A 13-month-old toddler found virtually frozen and clinically dead after she wandered outside on a freezing Canadian night has survived the ordeal without brain damage according to her doctors. Dr. Allan De Caen, one of the doctors who treated the baby girl, is calling it a miracle. The identities of the child and her mother have not been released.

The 13-month-old girl dressed only in a diaper, woke up in the middle of the night and went out a back door that was not secured. Her mother awoke at 3 in the morning to find her daughter missing. After a frantic search, she found her 45 minutes later, lying face down in the snow with her hands curled underneath her body.

When she was found, the baby's body temperature was 60.8 degrees Fahrenheit (16 degrees Celsius). Her toes were frozen together and responding paramedics had trouble getting a breathing tube into the child's throat because her mouth was frozen shut.

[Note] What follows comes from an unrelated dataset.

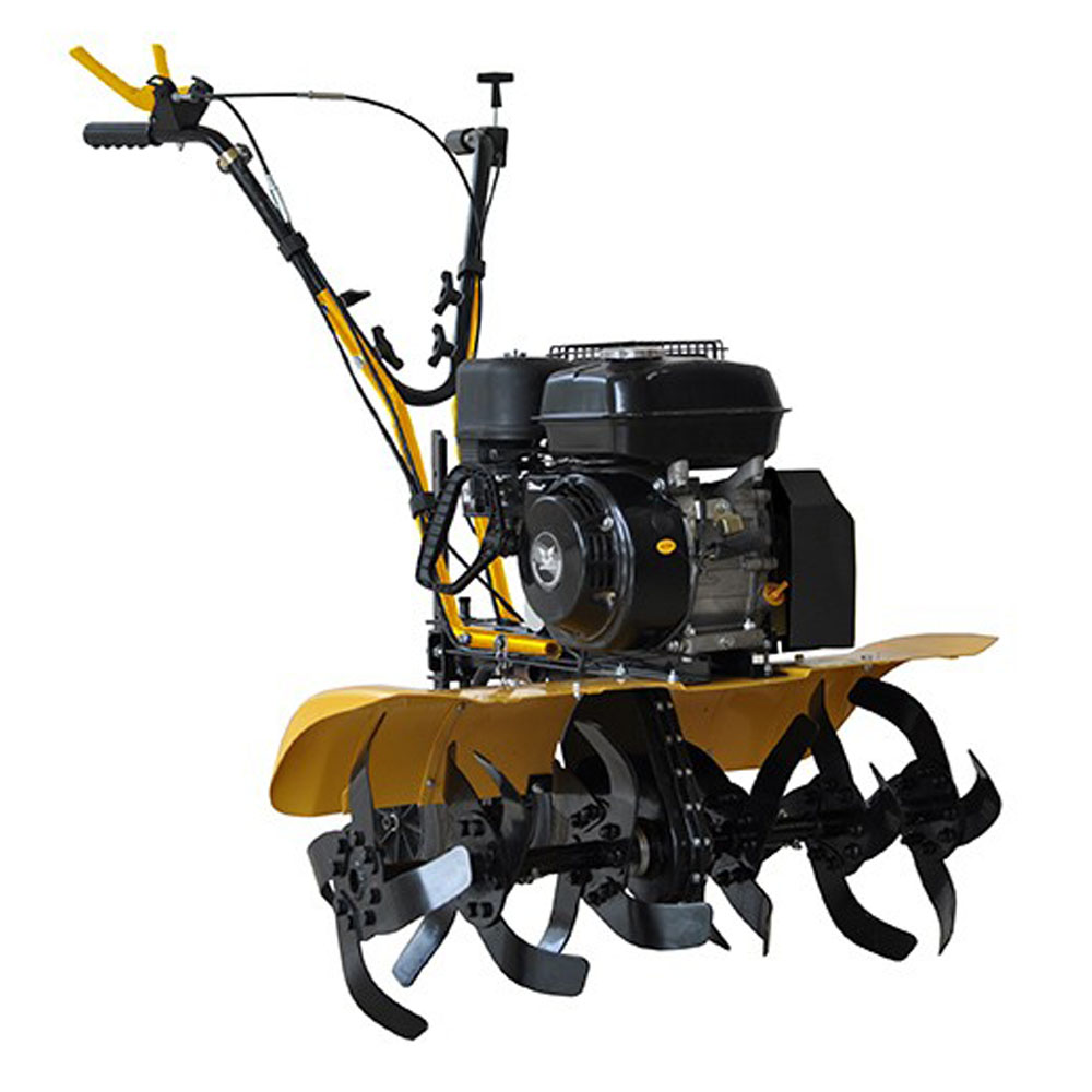 Для выполнения поставленной перед агрегатом задачи конструкторы снабдили его всеми необходимыми компонентами. Мотокультиватор снабжен четырехтактным одноцилиндровым бензиновым мотором, выдающим 6,5 л.с., топливным баком на 3,6 литра бензина марки АИ-92, опорным колесом, специальным сошником для контроля глубины вспашки и набором прочных одинарных и двойных рото

De Caen is a pediatric intensive care specialist at Stollery Children's Hospital in Edmonton, Canada. He called the little girl's survival a "miracle." "I think to be fair I'm using the word miracle now," says De Caen.

De Caen says her heart stopped beating for 2 hours. A police detective who investigated the case said the girl was "frozen solid" when she was discovered.

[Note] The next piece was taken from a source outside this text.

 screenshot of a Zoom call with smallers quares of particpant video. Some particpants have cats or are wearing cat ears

It was minus 4 degrees Fahrenheit (-20 degrees Celsius) outside where the girl was found. De Caen says when the baby arrived at the hospital she had no vital signs and was not breathing.

The doctors began attempts to resuscitate: 90 minutes later, she had warmed up a few degrees and her heart had started to pump on it's own.

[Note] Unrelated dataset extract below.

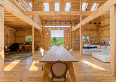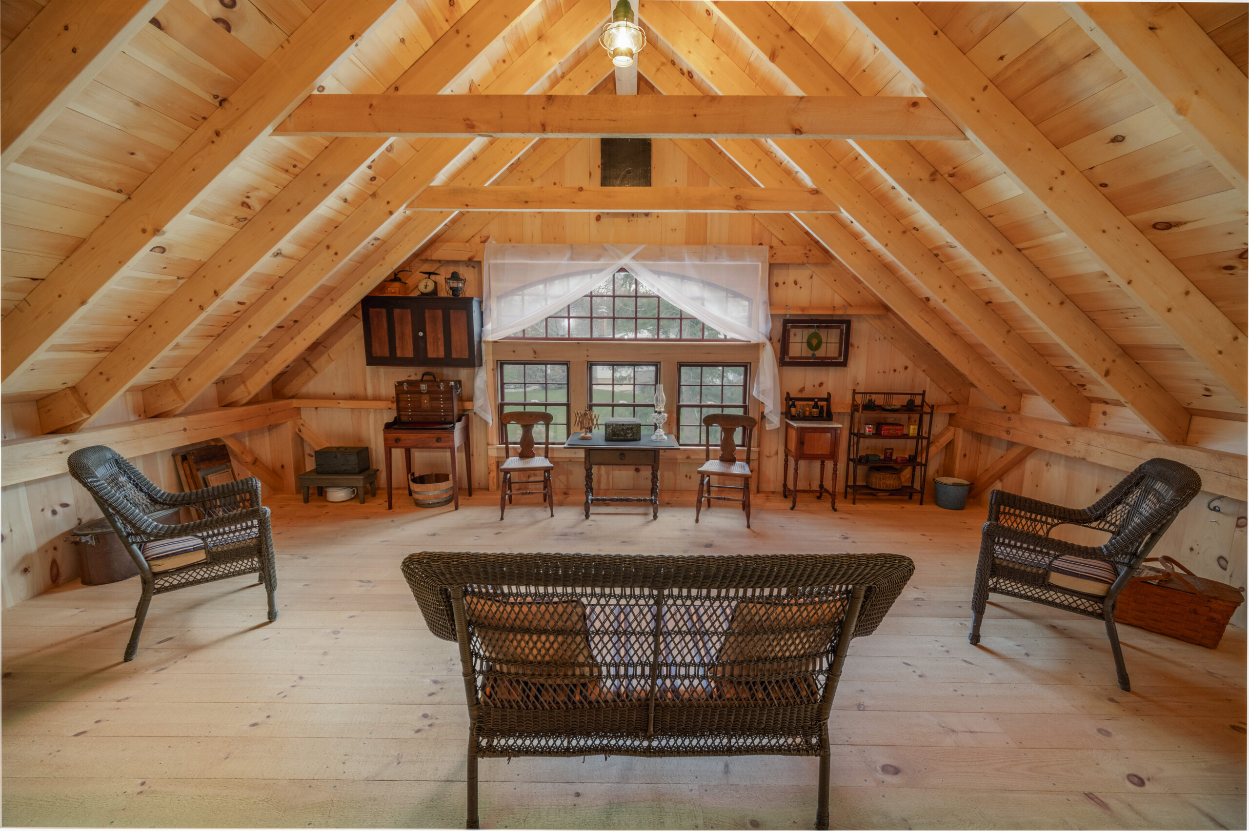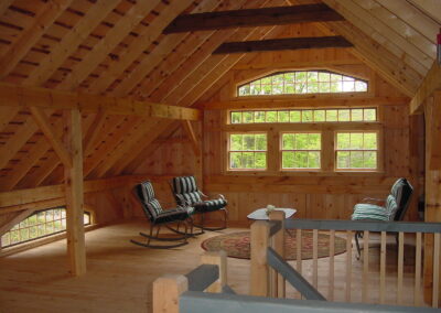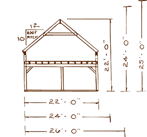 The Addington sports full mortise and tenon main tie-beam connections, and a loft with a 3’ or 4’ knee wall providing extra clearance. The traditional design offers flexibility in the size and location of doors and windows. The Addington is the namesake of long-time employee Rob Addington who has expertly handcrafted the mortise and tenon connections of our Two Story models for over 20 years.

A team of eight doctors and 15 nurses worked on the child. Within hours she was opening her eyes and moving around, acting like a very sick 1-year-old. She is no longer on a breathing tube and is receiving morphine to help with pain. Her hands and feet are bandaged and a plastic surgeon is keeping an eye on her.

The baby girl, her 2-year-old sister, and her mother were all overnight guests at a friend's home. She celebrated her birthday last week. Originally, the police considered criminal charges, but they say they have ruled that out at this point. They are now calling it a tragic accident.

De Caen says the girl still has a long recovery ahead. She suffered extensive frostbite injuries that will require careful attention. Plastic surgeons are watching her progress carefully.

The doctor calls this the most extreme case of surviving the cold that he has seen. Only three or four children in the world have survived such low body temperatures according to De Caen.

This case has had quite an impact on the medical team who fought to save the little girl. It has been an emotional and rewarding experience according to some. "The mood in the unit definitely went up a notch or two when she woke up," says nursing manager Brigitte Martens. "It was wonderful."